Uno dei padri nobili dell’ambientalismo internazionale, Stewart Brand, il quale in gioventù condusse aspre battaglie contro il nucleare civile, quando si convertì all’energia da atomo usava dire “il nucleare più lo conosci meno lo temi”. A conferma arrivano anche i risultati del sondaggio SWG sulla percezione delle nuove tecnologie nucleari da parte degli italiani.



Solo una quota ridotta dei nostri concittadini è a conoscenza delle tecnologie all’avanguardia in campo nucleare quali i piccoli reattori modulari SMR (19%), quelli di IV generazione (33%) e, infine, quello che rappresenta il Sacro Graal della generazione nucleare ossia la fusione (25%). Ma chi conosce queste tecnologie è fiducioso della loro sicurezza e della loro sostenibilità con percentuali che oscillano tra il 56% e il 67%. La posizione degli italiani sul nucleare rispecchia la metamorfosi avvenuta sul tema nel dibattito pubblico.



La consapevolezza del ruolo che il nucleare può avere nel processo di transizione energetica ha riportato alla ribalta l’utilizzo dell’energia nucleare in Italia. A parte le dichiarazioni a effetto di Matteo Salvini che da milanese vorrebbe una centrale nucleare a Milano, la mossa più pragmatica spetta al ministro dell’Ambiente e della Sicurezza energetica con la costituzione di una piattaforma nazionale per il nucleare sostenibile. Si tratta di un soggetto di raccordo e coordinamento, sotto l’indirizzo del ministero e con il supporto di Rse (Ricerche sul sistema energetico) e di Enea, tra tutti i diversi attori nazionali che a vario titolo si occupano di nucleare. Il primo incontro si è tenuto a fine settembre.
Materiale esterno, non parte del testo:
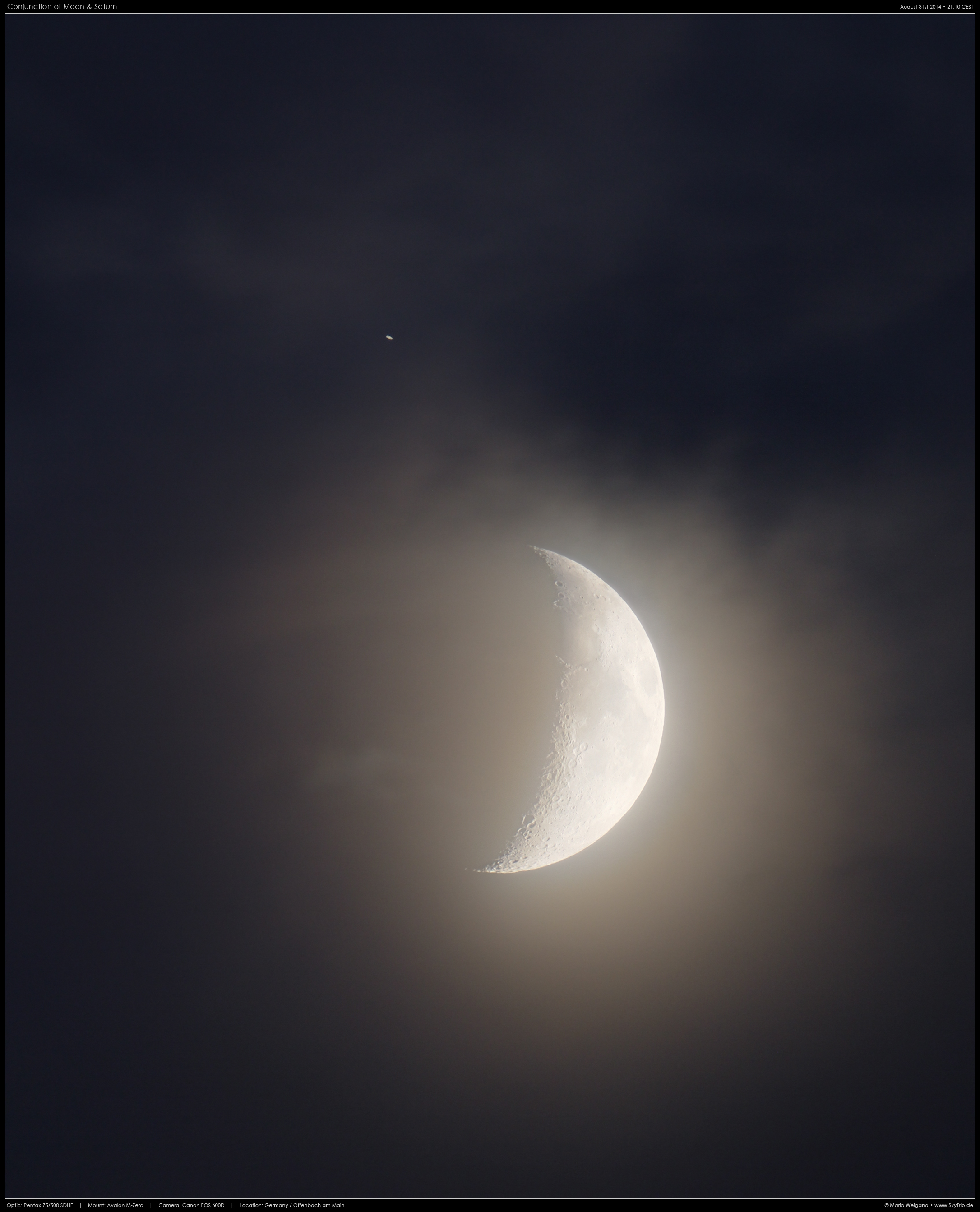 Was das Wetter am Abend des 31. August 2014 angeht, hatte ich mir deutlich besseres erhofft … Nur ab und zu kamen Mond und Saturn zwischen den Wolkenschichten hindurch. Aber zwei Schnappschüsse sind es trotzdem geworden. Als Aufnahme-Kombination kam ein 75-Millimeter-Refraktor von Pentax mit Canon EOS 600D auf der Montierung Avalon M-Zero zum Einsatz.

Tuttavia, approvare la costruzione di una centrale nucleare, mettere in conto almeno 8 anni, è un processo che come – e più di ogni altra grande opera – si scontra con la sindrome Nimby (Not in my backyard, non nel mio cortile). Se infatti è solo il 30% degli italiani a dichiararsi favorevole alla costruzione di una centrale a meno di 100 km da casa propria, la quota sale a 60% se la distanza di estende a 500 km.

Sotto il profilo economico, a fronte di un risparmio del 10% in bolletta il 42% degli intervistati dichiara che sarebbe favorevole alle infrastrutture nucleari; mentre con un calo del 20% della bolletta oltre la metà degli italiani sarebbe favorevole ai nuovi impianti. Il fronte dei favorevoli supera il 70% se il risparmio raggiungesse almeno il 70%. Mentre gli irriducibili contrari al nucleare indifferenti a qualsiasi riduzione della tariffa sono circa un quarto degli italiani contro un 20% di favorevoli a prescindere.

In sostanza, il sondaggio SWG riportato nell’edizione Radar del 17 ottobre, evidenza un’apertura di fondo all’energia nucleare da parte della popolazione che tuttavia esprime il bisogno di ricevere informazioni più concrete. La componente generazionale ha il suo peso. Tra i giovani i contrari sono meno di 1 su 5, mentre tra la generazione over 55 che ha vissuto Chernobyl la quota sale a 3 su 10.

In una campagna di comunicazione sul nucleare che guarda ai dati e rifugge dalle narrazioni basterebbe confrontare le emissioni del comparto della generazione elettrica della Germania: 800gCO2 per kWh con quelle dell’Italia 400 gCO2/kWh e quelle della Francia 32 gCO2/kWh (25 volte meno del vicino tedesco).